Exercise requirements:
Below are lines of data, and only some are wanted. Please repeat exactly those from the line that has "Na izbornoj sjednici" through the line that has "由于P型和N型分别多了电子和少了电子,所以电晶体在 N 型和".

Input data:
========================================================================

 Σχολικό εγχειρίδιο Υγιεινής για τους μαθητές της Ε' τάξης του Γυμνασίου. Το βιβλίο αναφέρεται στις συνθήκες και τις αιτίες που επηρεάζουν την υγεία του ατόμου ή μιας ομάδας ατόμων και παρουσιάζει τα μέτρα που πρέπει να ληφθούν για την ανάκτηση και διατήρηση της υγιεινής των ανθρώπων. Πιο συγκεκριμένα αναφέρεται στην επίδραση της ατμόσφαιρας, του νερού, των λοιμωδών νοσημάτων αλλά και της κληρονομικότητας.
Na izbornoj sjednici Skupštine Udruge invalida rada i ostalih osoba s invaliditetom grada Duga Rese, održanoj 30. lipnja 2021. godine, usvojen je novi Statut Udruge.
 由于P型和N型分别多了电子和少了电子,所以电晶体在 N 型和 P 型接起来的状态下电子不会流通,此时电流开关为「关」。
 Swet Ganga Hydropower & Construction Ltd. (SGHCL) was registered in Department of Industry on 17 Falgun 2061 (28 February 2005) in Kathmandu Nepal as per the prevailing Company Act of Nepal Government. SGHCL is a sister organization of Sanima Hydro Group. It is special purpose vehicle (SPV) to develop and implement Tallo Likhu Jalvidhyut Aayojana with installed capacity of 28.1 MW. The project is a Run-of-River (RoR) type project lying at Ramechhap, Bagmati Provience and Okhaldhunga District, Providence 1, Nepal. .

========================================================================

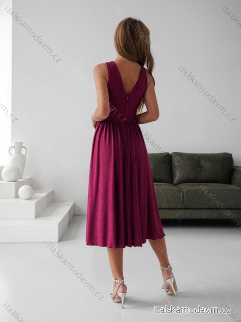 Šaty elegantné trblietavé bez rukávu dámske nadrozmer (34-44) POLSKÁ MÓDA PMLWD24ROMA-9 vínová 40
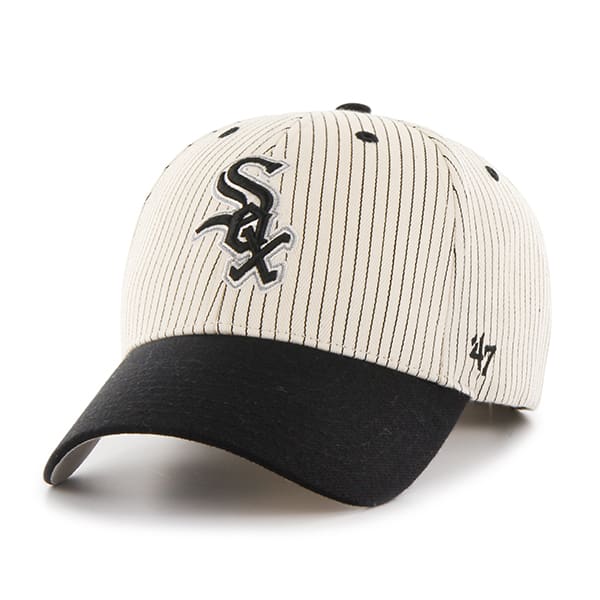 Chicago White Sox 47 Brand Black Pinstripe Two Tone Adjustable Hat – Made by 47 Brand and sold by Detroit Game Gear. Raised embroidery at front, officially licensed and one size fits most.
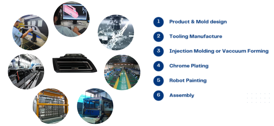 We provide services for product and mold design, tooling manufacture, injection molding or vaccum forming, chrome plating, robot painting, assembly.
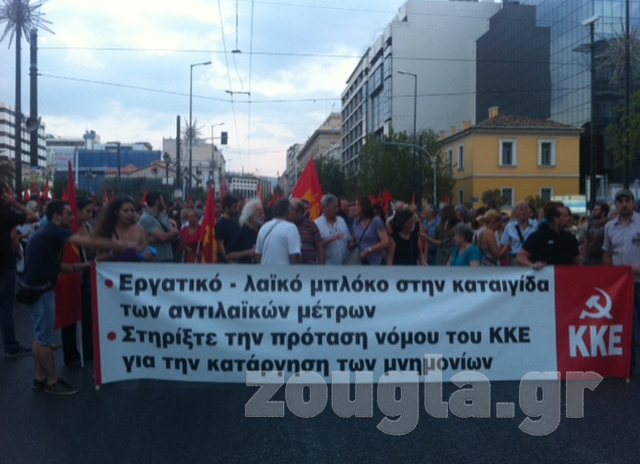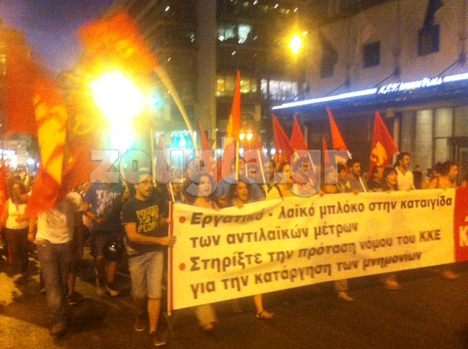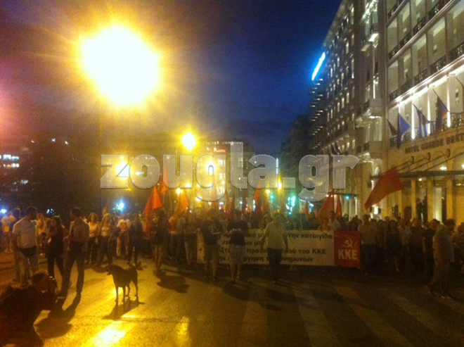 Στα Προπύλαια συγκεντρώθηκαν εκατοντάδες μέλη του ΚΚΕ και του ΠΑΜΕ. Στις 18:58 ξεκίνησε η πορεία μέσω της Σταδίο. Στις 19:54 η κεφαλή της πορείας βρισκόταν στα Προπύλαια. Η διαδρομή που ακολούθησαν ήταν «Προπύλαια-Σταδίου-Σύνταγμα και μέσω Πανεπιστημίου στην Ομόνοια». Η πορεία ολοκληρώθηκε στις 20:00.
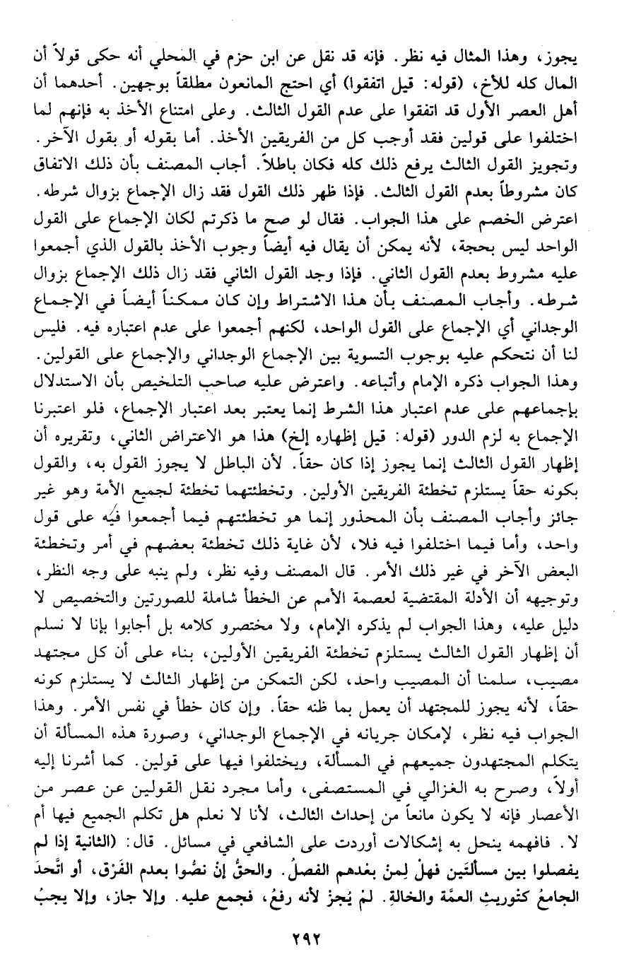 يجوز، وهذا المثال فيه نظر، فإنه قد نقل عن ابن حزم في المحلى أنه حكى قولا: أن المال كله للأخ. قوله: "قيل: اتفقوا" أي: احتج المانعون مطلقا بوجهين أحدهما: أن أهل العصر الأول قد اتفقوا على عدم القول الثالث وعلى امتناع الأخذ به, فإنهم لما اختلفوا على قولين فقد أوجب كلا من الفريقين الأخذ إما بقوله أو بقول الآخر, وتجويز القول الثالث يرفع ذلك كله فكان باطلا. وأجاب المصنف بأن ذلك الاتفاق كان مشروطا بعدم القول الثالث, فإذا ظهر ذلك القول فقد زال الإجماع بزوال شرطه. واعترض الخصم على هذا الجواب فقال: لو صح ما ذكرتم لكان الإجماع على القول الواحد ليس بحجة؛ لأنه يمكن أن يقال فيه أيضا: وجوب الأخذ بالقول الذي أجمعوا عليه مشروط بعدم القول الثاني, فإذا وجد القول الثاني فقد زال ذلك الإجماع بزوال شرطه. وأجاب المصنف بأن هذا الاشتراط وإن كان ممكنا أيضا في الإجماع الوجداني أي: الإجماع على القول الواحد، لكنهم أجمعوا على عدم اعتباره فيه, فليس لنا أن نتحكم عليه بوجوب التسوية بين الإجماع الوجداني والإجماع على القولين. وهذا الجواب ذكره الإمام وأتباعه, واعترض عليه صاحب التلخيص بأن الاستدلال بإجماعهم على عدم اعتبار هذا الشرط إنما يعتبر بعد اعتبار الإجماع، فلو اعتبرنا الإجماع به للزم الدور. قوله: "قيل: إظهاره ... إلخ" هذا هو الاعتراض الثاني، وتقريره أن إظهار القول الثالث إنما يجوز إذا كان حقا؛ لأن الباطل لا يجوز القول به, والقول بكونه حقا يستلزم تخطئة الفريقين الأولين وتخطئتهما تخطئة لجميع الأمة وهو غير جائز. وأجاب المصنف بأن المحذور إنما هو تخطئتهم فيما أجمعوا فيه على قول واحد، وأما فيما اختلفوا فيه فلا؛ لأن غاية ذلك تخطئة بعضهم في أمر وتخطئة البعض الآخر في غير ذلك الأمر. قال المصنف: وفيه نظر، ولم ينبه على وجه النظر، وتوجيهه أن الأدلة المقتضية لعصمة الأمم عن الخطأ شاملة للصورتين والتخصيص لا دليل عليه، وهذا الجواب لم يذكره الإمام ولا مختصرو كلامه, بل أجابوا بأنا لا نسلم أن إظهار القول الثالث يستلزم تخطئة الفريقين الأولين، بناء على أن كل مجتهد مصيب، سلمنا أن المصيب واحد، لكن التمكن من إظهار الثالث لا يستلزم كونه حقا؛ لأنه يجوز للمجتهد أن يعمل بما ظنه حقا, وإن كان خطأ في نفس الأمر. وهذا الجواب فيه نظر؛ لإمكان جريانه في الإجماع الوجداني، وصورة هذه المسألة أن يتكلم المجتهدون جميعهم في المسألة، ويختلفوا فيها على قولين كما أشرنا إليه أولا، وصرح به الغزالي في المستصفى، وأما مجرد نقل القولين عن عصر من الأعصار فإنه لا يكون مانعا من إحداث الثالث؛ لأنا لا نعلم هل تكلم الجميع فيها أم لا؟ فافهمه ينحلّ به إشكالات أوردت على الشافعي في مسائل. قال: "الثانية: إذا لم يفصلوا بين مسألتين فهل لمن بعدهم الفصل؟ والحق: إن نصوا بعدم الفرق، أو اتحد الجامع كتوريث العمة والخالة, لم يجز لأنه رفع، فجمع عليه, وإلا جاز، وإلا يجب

========================================================================

Your response:
Na izbornoj sjednici Skupštine Udruge invalida rada i ostalih osoba s invaliditetom grada Duga Rese, održanoj 30. lipnja 2021. godine, usvojen je novi Statut Udruge.
 由于P型和N型分别多了电子和少了电子,所以电晶体在 N 型和 P 型接起来的状态下电子不会流通,此时电流开关为「关」。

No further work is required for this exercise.